Dataset records
──────────────────────────────
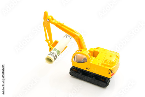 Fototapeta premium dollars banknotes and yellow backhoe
──────────────────────────────
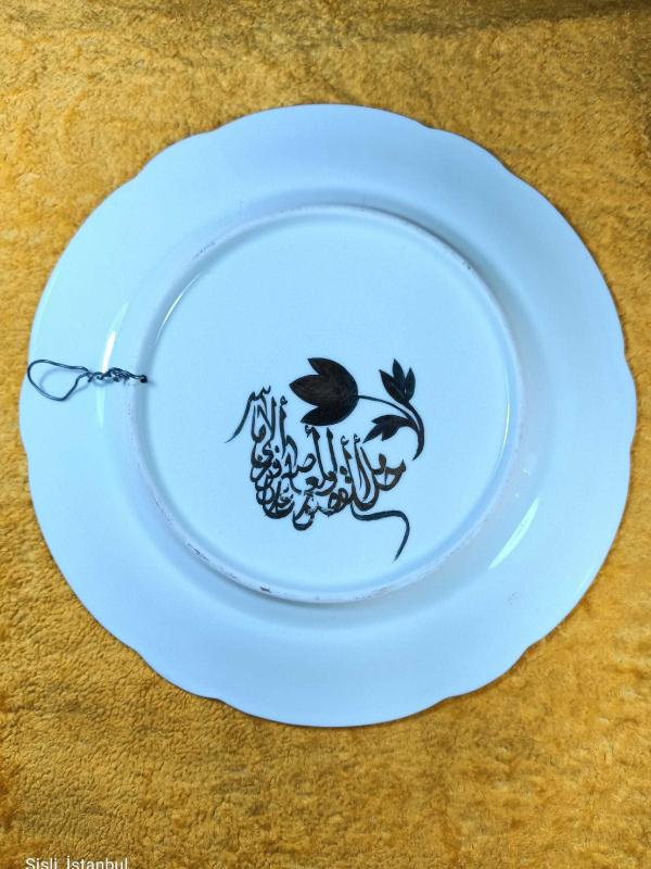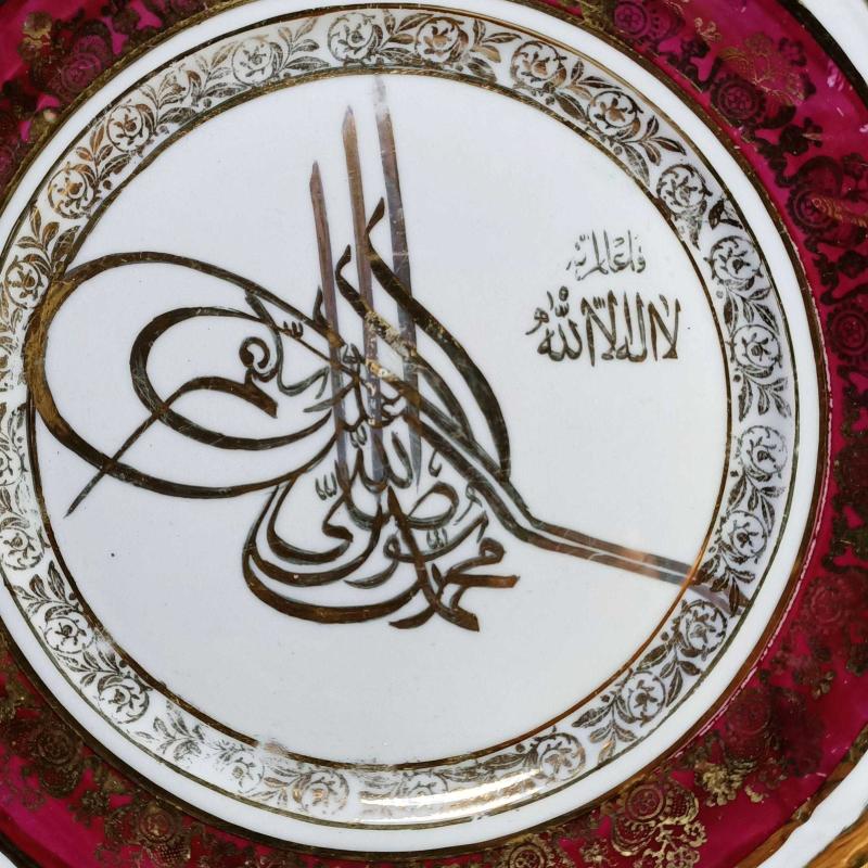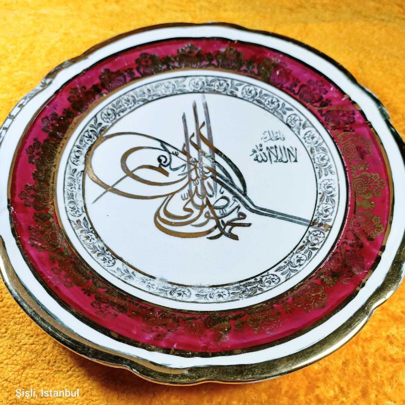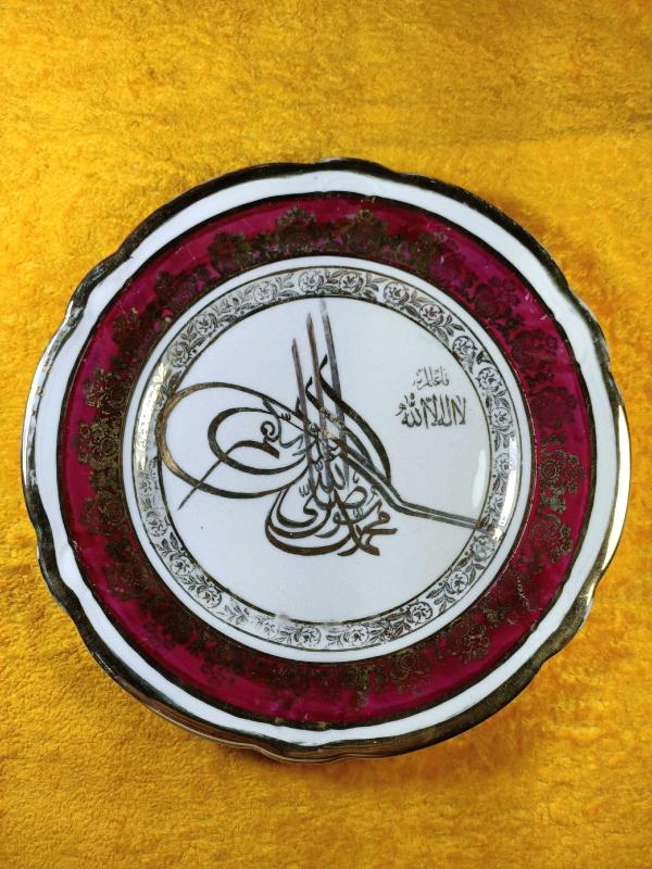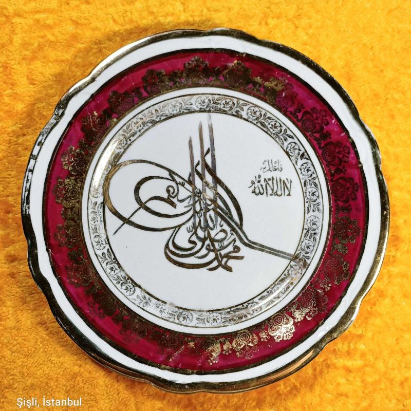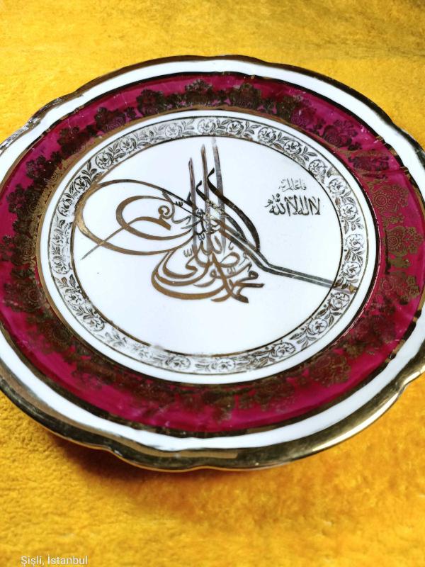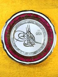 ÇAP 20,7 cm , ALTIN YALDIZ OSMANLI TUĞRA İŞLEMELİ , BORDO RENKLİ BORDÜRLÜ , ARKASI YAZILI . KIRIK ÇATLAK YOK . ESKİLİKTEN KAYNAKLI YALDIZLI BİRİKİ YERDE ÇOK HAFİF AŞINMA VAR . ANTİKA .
──────────────────────────────
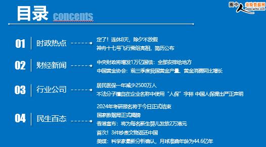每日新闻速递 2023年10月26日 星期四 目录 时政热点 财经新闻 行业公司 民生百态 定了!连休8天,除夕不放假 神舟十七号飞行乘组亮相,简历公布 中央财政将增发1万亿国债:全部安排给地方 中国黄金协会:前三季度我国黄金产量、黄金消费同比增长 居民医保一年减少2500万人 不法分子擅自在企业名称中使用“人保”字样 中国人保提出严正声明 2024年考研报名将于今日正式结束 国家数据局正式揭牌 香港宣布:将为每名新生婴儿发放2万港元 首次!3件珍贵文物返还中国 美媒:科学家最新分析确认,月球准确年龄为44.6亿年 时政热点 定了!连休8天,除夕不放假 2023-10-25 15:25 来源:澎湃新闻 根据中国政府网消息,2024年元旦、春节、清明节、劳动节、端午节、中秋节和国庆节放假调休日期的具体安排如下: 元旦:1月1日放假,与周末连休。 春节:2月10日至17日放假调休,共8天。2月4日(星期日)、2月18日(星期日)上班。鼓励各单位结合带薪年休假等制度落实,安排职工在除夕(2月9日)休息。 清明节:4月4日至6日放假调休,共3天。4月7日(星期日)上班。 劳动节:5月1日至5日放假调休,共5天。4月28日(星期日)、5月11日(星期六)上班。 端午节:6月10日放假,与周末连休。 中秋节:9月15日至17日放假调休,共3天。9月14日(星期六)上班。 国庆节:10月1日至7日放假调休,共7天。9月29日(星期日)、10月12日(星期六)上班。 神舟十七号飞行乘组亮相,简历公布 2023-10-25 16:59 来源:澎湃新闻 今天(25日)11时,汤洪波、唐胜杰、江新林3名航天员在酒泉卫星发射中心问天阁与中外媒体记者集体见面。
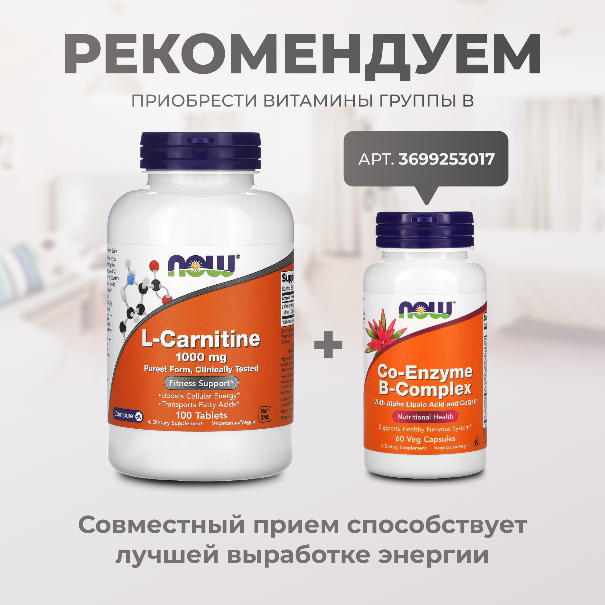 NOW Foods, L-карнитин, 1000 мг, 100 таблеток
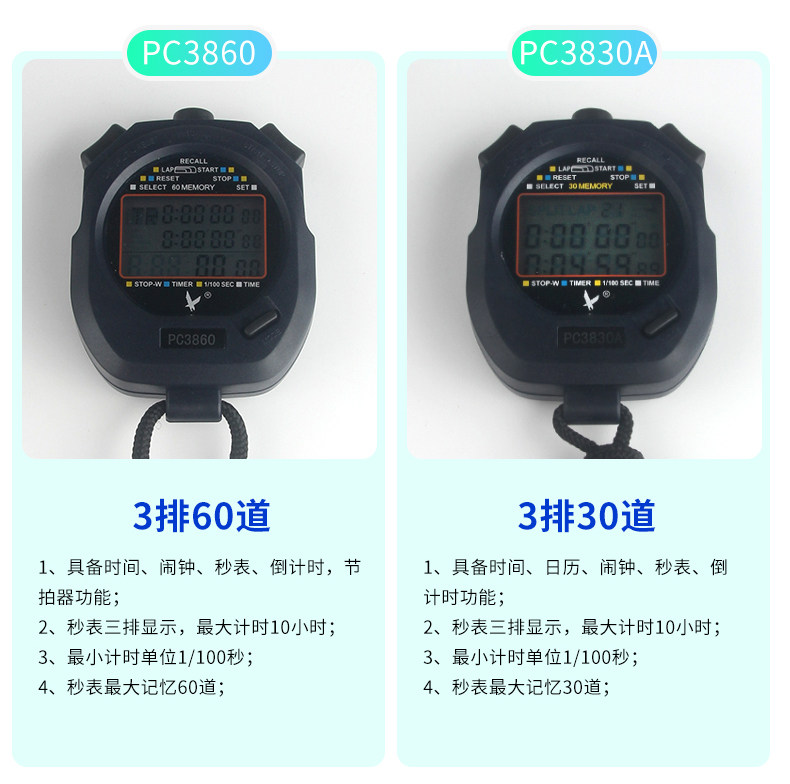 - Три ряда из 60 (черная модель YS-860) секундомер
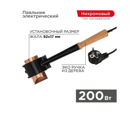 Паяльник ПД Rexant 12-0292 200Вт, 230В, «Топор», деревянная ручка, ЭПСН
──────────────────────────────
Only the lines above starting with the line with "- Три ряда из" and going on through the line with "Паяльник ПД Rexant" belong in the answer; repeat them exactly, minus any picture.

 - Три ряда из 60 (черная модель YS-860) секундомер
 Паяльник ПД Rexant 12-0292 200Вт, 230В, «Топор», деревянная ручка, ЭПСН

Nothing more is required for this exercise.